■ **LISTED RECORDS**
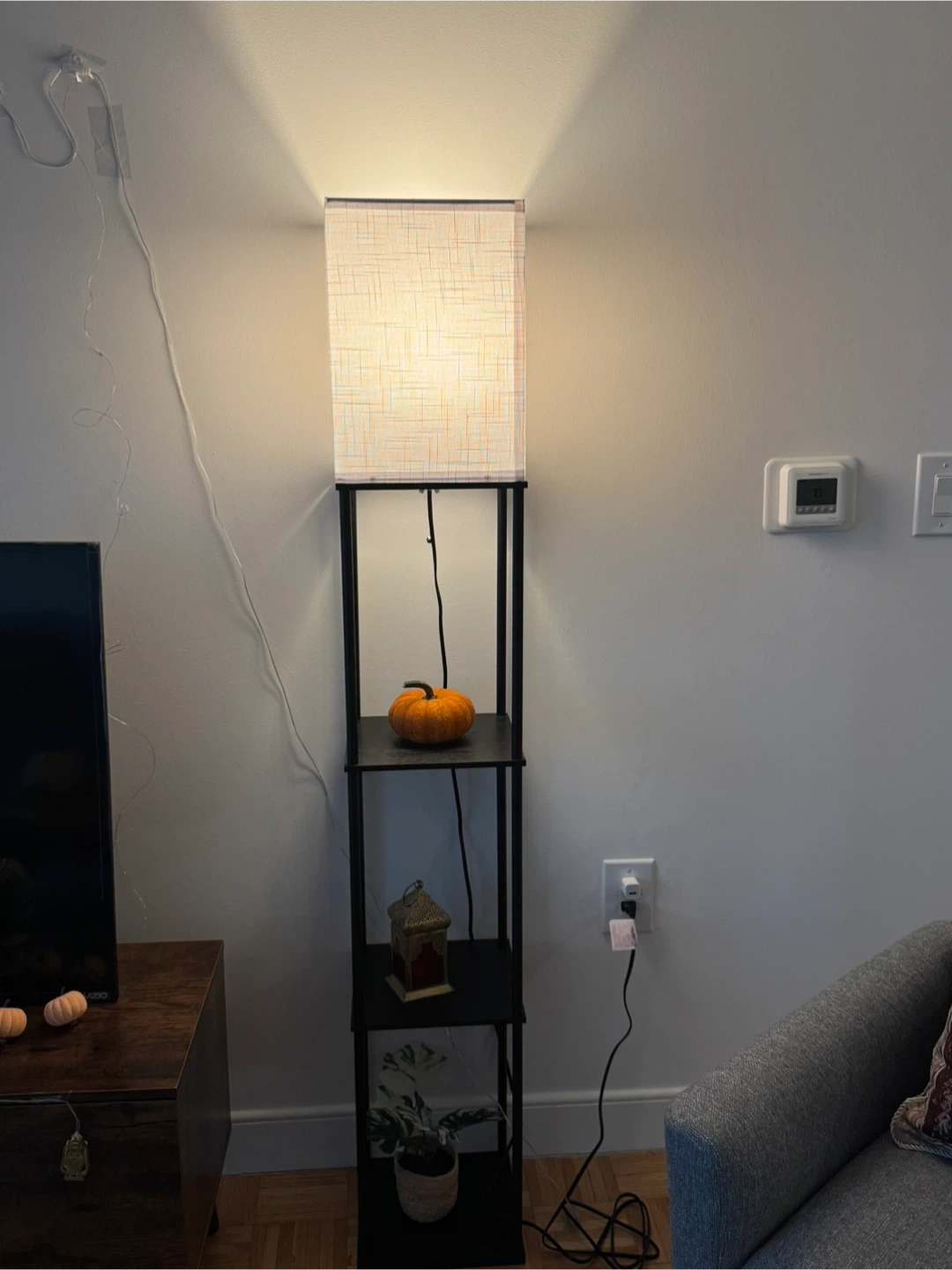 18This floor lamp features a square shade and built-in shelves, perfect for adding light and storage to any room! It has a black metal frame and a neutral-colored shade that complements various decor styles Selling one for $27 or two for $50 with bulbs
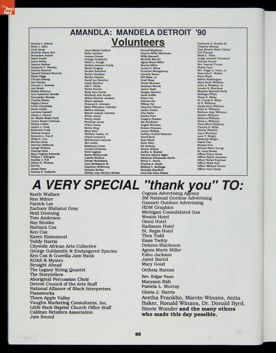 THF711461 / Nelson Mandela Freedom Tour Program, "Amandla: Mandela Detroit '90," June 28, 1990 / page 88
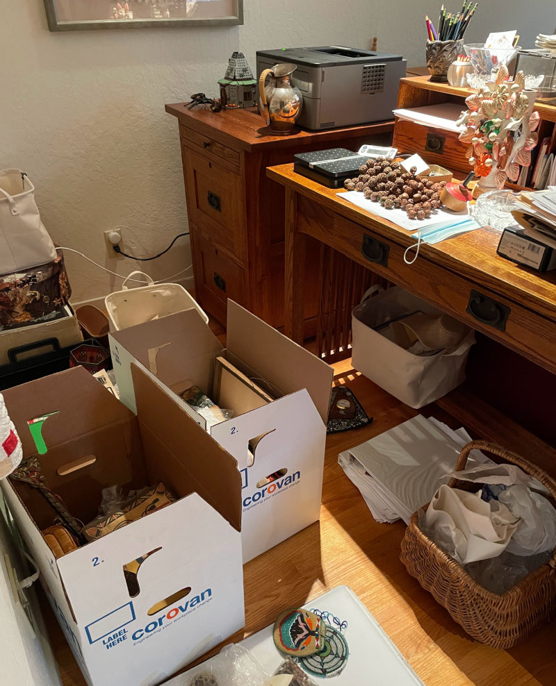 Now my office area in our family room is a complete shambles. It was only a shambles before. Now it’s complete!! And I detest when I let it get like this.
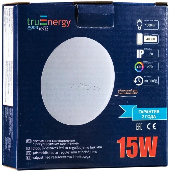 Светильник встраиваемый светодиодный 15 Вт 4000К TRUENERGY Moon (10934) - энергоэффективность этого устройства позволяет использовть его в местах, где ранее использовались светильники с лампами накаливания мощностью до 75 Ватт.
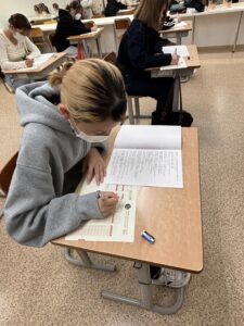 受験した学生たちは真剣な表情で問題に向き合っていました。
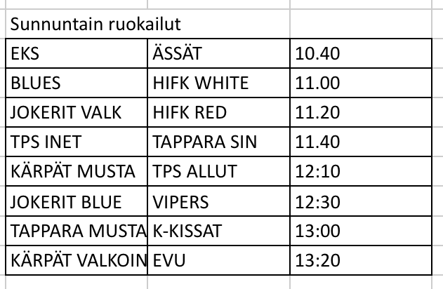 Sitovat tilaukset turnausruokailuun tulee tehdä juke.tuohino@gmail.com osoitteeseen 5.12.2025 mennessä. Ilmoita viestissä ruokailijoiden määrä per tarjoilu ja mahdolliset allergiat.

■ **AIM OF THE TASK**
Output exactly the lines from the first line of the records through the line containing "Светильник встраиваемый светодиодный". Leave out every picture.

■ **RESULT OF THE TASK**
 18This floor lamp features a square shade and built-in shelves, perfect for adding light and storage to any room! It has a black metal frame and a neutral-colored shade that complements various decor styles Selling one for $27 or two for $50 with bulbs
 THF711461 / Nelson Mandela Freedom Tour Program, "Amandla: Mandela Detroit '90," June 28, 1990 / page 88
 Now my office area in our family room is a complete shambles. It was only a shambles before. Now it’s complete!! And I detest when I let it get like this.
 Светильник встраиваемый светодиодный 15 Вт 4000К TRUENERGY Moon (10934) - энергоэффективность этого устройства позволяет использовть его в местах, где ранее использовались светильники с лампами накаливания мощностью до 75 Ватт.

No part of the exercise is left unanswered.